## Problem description
Every line from the start of the entries up to and including the one bearing "Pantaloni jogger neri" must be printed verbatim, without the pictures.

*** Opening of The records ***

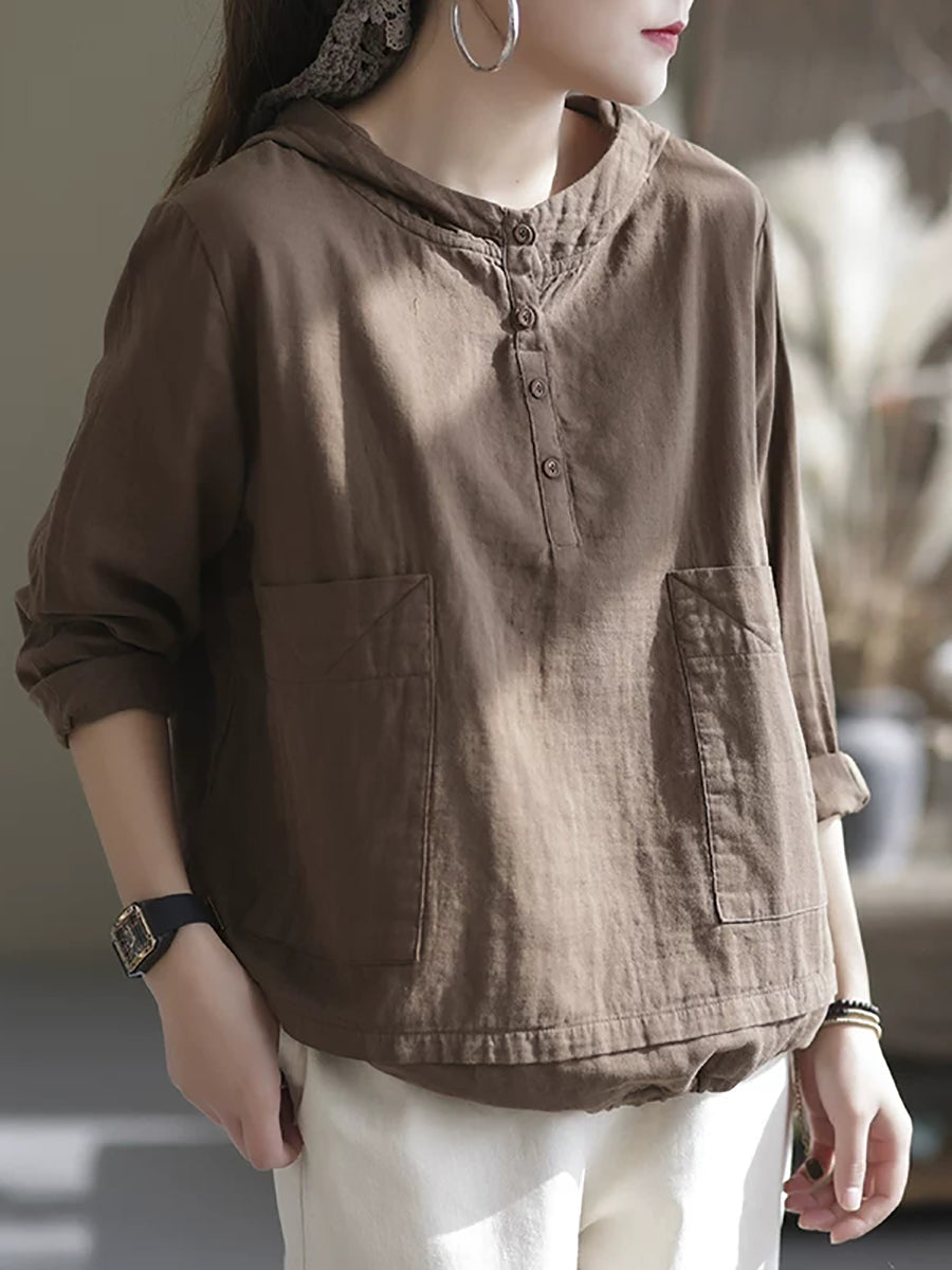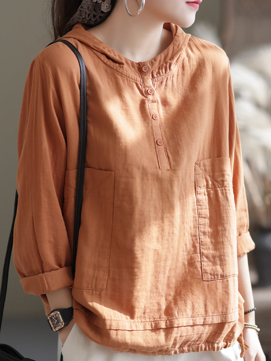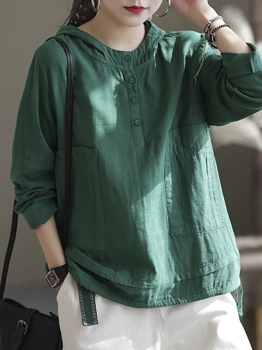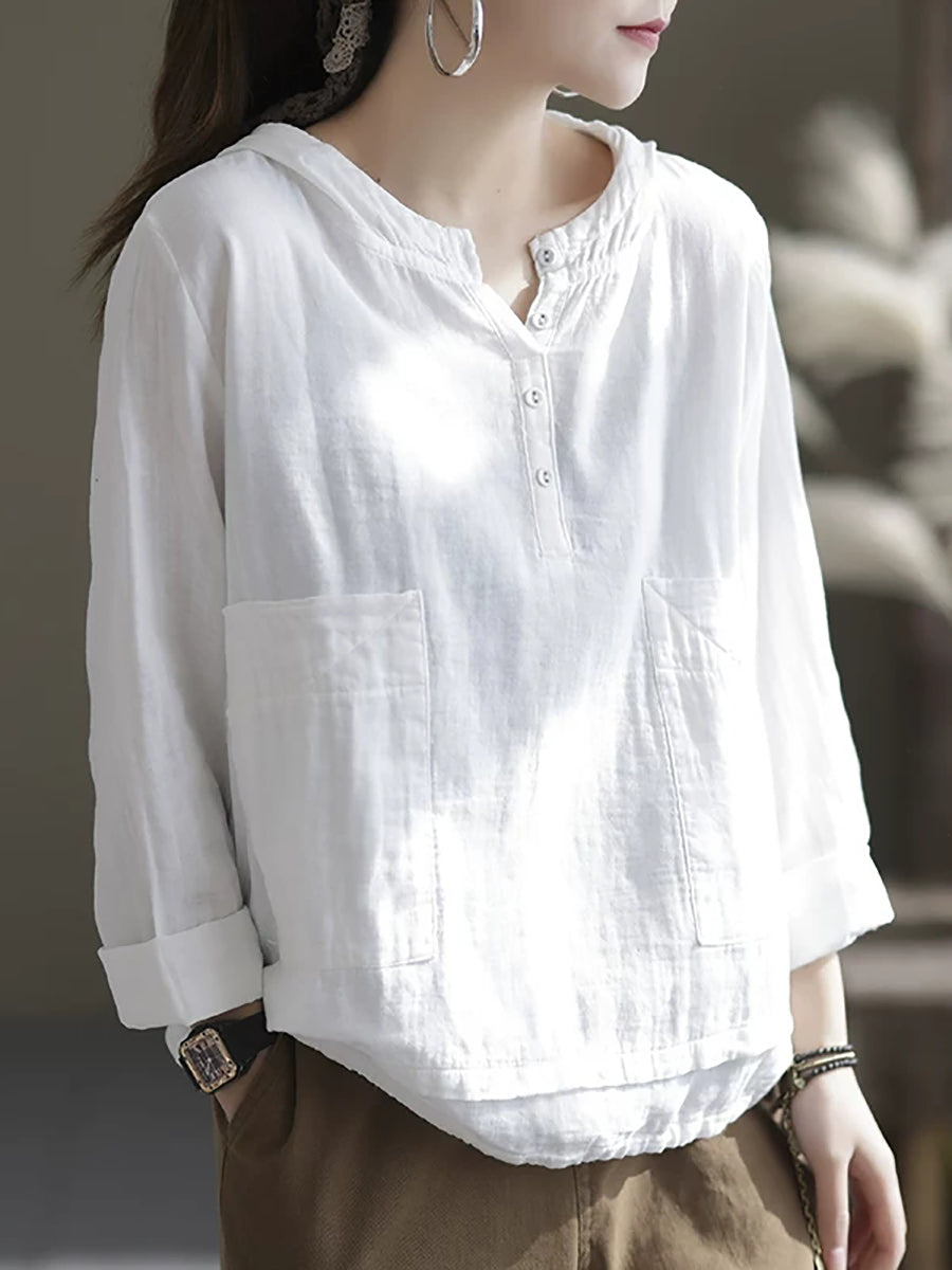 Women Summer Pure Color V-Neck Hoodie
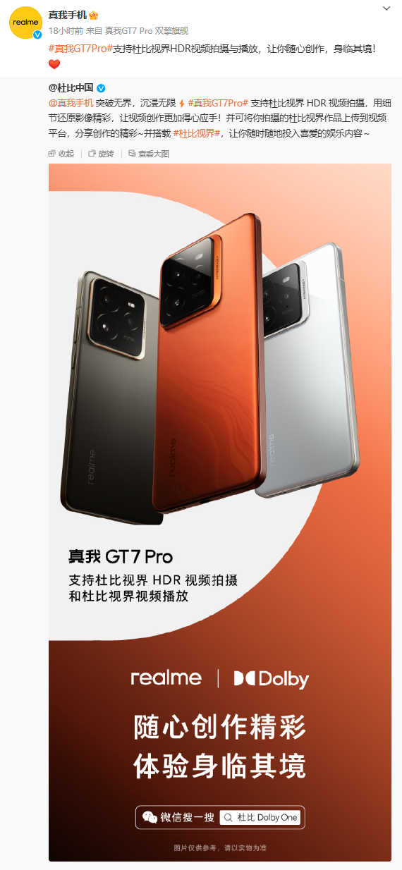 另外,真我 GT7 Pro 手机还支持杜比视界 HDR 视频拍摄和杜比视界视频播放,用户可将拍摄的杜比视界作品上传到视频平台分享。
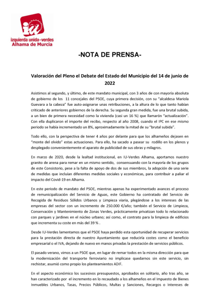 Valoración del Pleno el Debate del Estado del Municipio del 14 de junio de 2022
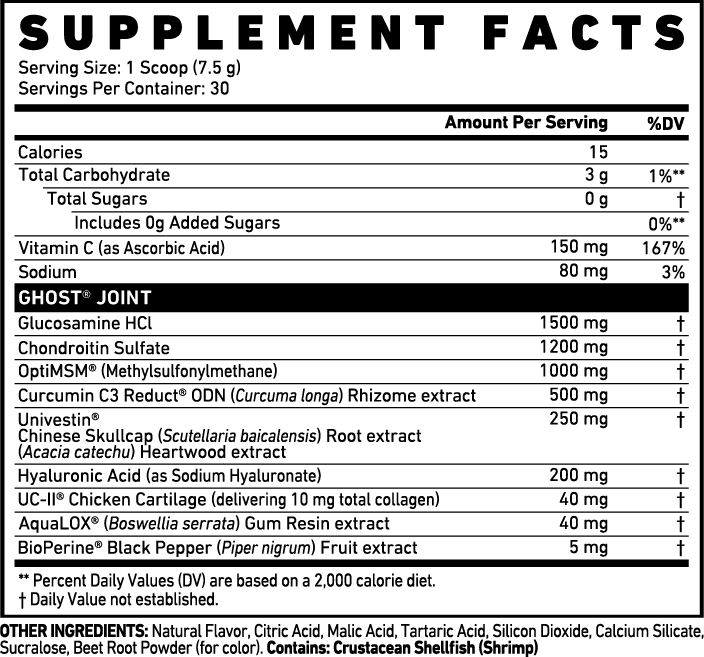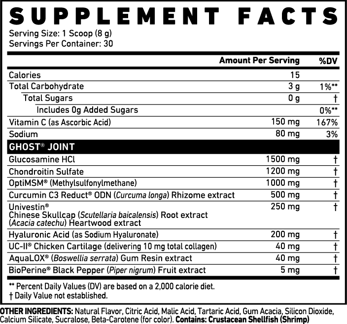 GHOST® JOINT is a food supplement powder with vitamins, amino acids, and herbal extracts with sweetener.
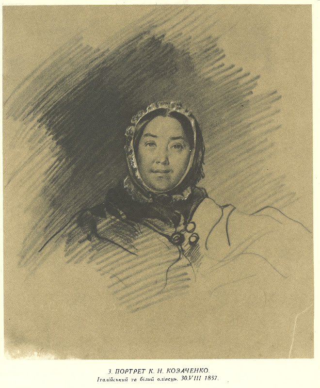 3. Портрет Катерини Никифорівни Козаченко. Тонований папір, італійський та білий олівець (28,6 × 25,1). [Н. п.] 30.VIII 1857.
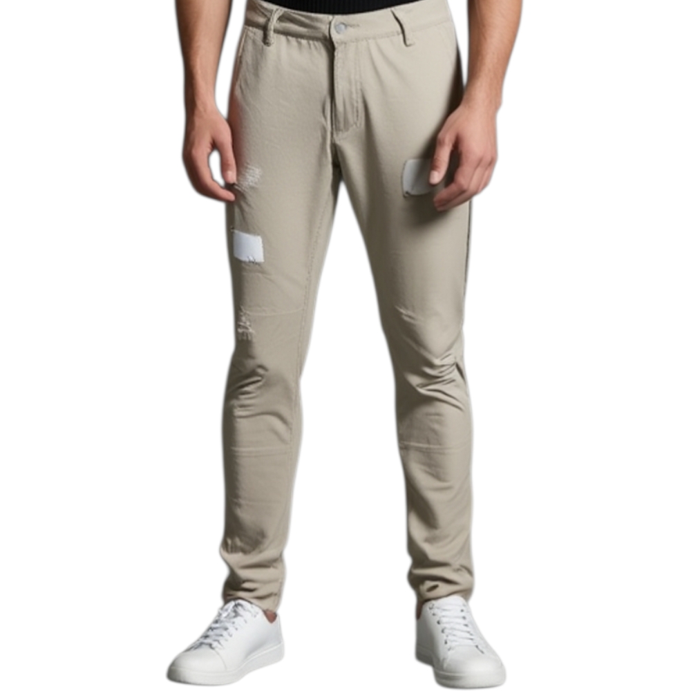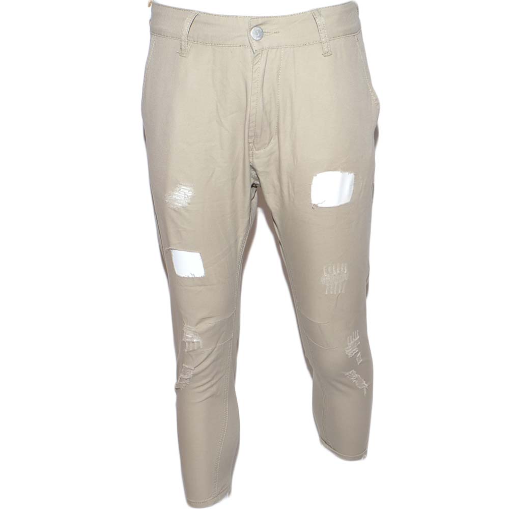 Pantaloni jogger neri beige con bottone e tasche laterali con strappi e toppe cavallo basso moda giovane
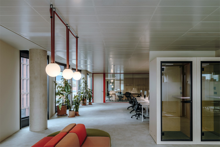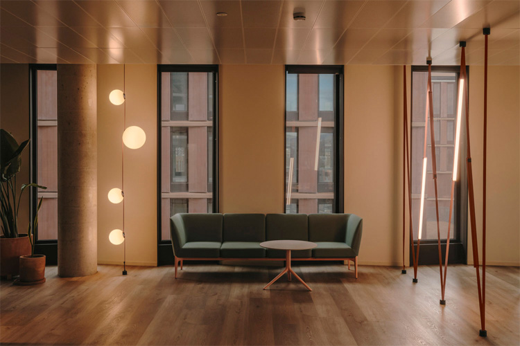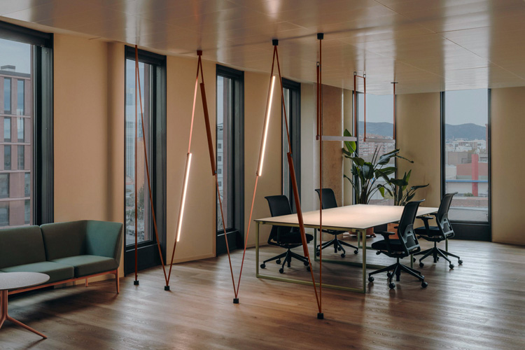 Die Vielseitigkeit des Beleuchtungssystems Plusminus aus der Feder von Diez Office fügt sich perfekt in diese Vielfalt an Umgebungen ein, mit seiner breiten Auswahl an verschiedenen Leuchten, die an jede Situation und jeden Bedarf angepasst werden können, und dem Textilband, das als Schlüsselelement fungiert. Die erste Variante schafft eine gelassenere und ruhigere Umgebung, die zur Konzentration einlädt, während die zweite Variante eine informellere Stimmung in den Bereichen entstehen lässt, die für gesellige Momente vorgesehen sind. Für Plusminus wurde in allen Fällen ein erdiger Farbton gewählt, passend zu einigen Möbelstücken und bestimmten Glasprofilen.
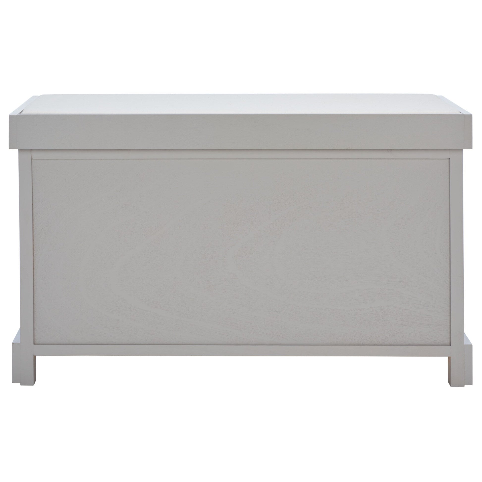 Sit back and relax. This charming storage bench with pine wood frame and linen upholstered seat is perfect for changing shoes in an entry hall, and its woven baskets can hold towels and other necessities in a master bath. A versatile piece in any room.
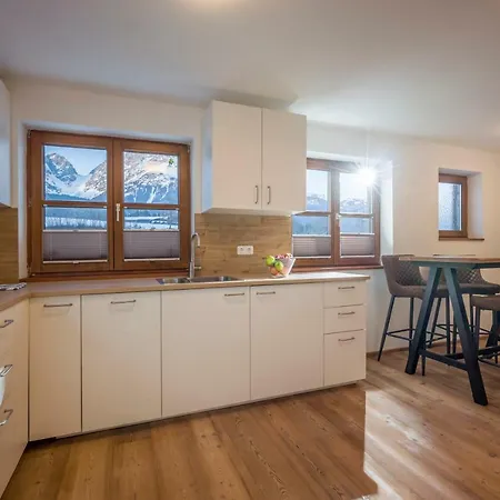 In der Kaiser Chalet stehen Gästen eine Küchenzeile sowie auch ein Essbereich zur Verfügung.
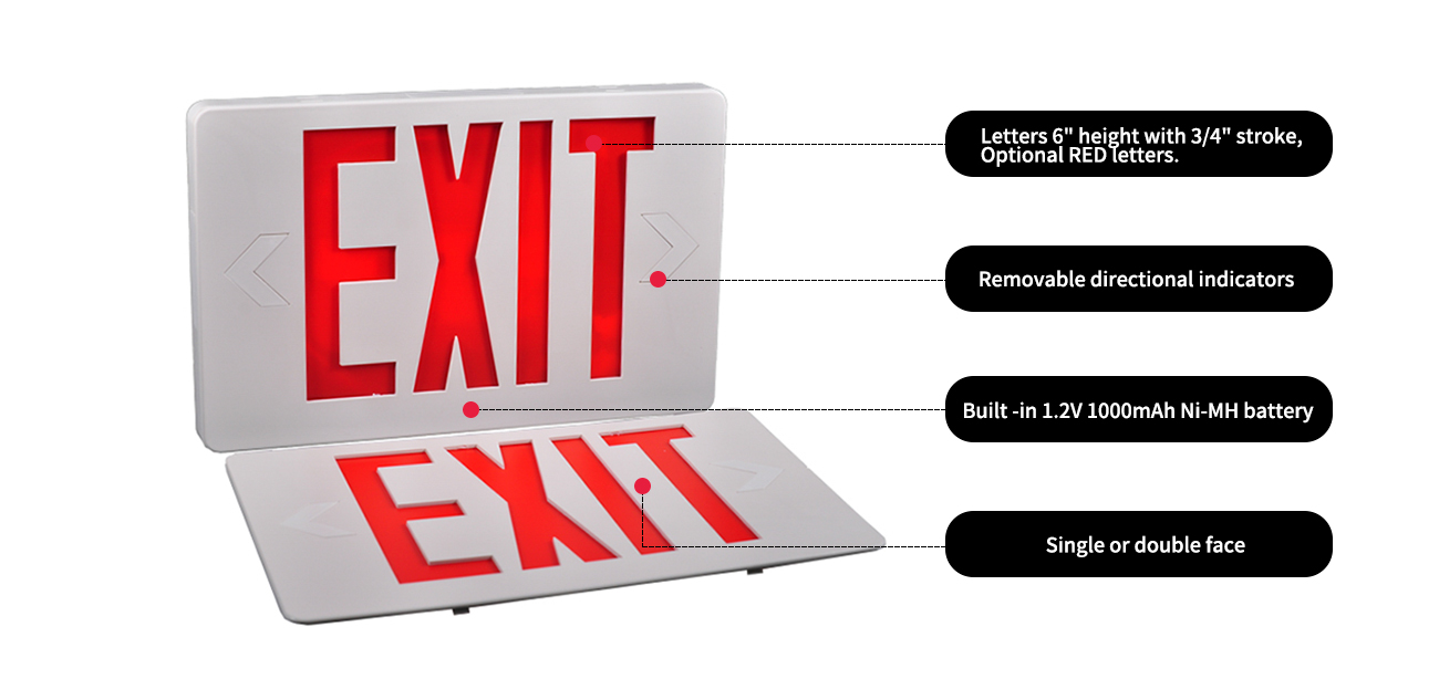 *Costruzione - Il segno di uscita a LED è costruito da un ritardo a fiamma V -0, V -0, alloggi termoplastici ad alto impatto. La casa bianca è standard.
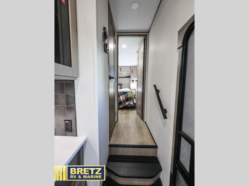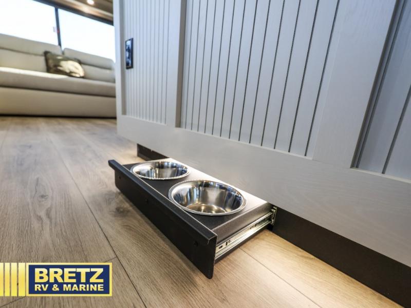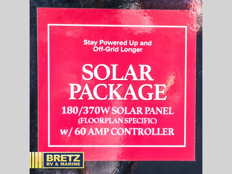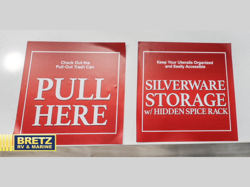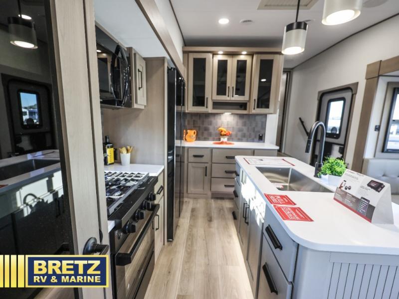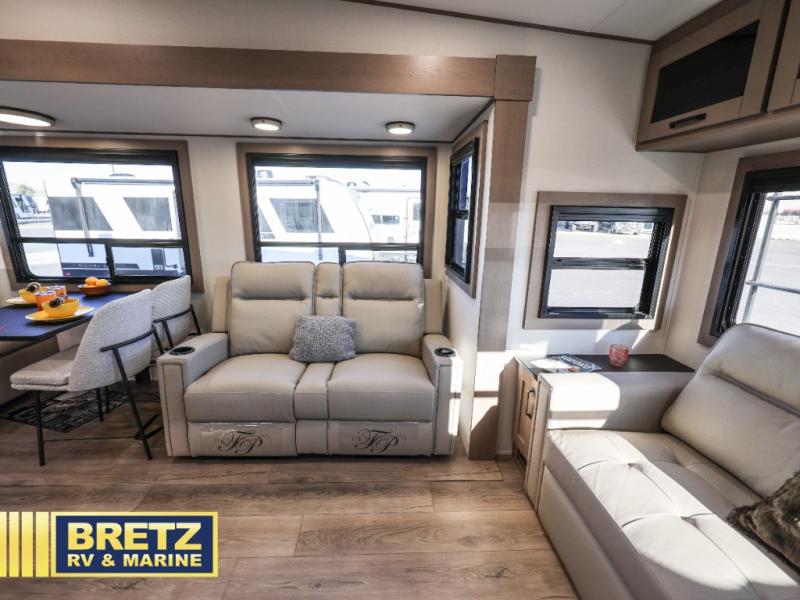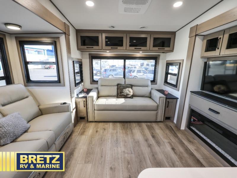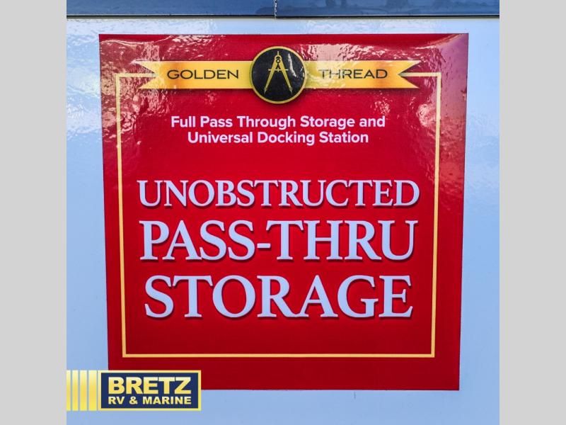 Whether you travel for pleasure or work, you will love the spacious main living and kitchen area with a rear tri-fold sofa that doubles as extra sleeping space, and the theater seating directly across from the entertainment center with a 40" LED HDTV and a fireplace below. The kitchen island will make meal prepping and drying the dishes easier and the hutch is the perfect place to place your picture frames, nice dishes, and extra cooking items. There is even a pantry that is big enough to store all of your favorite snacks, dry ingredients and such. Outside you can enjoy two electric awnings that provide protection from the elements as you relax and visit with other RVers, and your camping chairs can easily be stored in the pass-through compartment. The double entry bathroom is convenient especially at night when you can slide the door to enter from the front master bedroom. You will find plenty of storage for your clothing and gear, plus the bedroom slide out gives you drawers and linen storage that stretches into the full bathroom.

*** Close of The records ***

## Result of this exercise
 Women Summer Pure Color V-Neck Hoodie
 另外,真我 GT7 Pro 手机还支持杜比视界 HDR 视频拍摄和杜比视界视频播放,用户可将拍摄的杜比视界作品上传到视频平台分享。
 Valoración del Pleno el Debate del Estado del Municipio del 14 de junio de 2022
 GHOST® JOINT is a food supplement powder with vitamins, amino acids, and herbal extracts with sweetener.
 3. Портрет Катерини Никифорівни Козаченко. Тонований папір, італійський та білий олівець (28,6 × 25,1). [Н. п.] 30.VIII 1857.
 Pantaloni jogger neri beige con bottone e tasche laterali con strappi e toppe cavallo basso moda giovane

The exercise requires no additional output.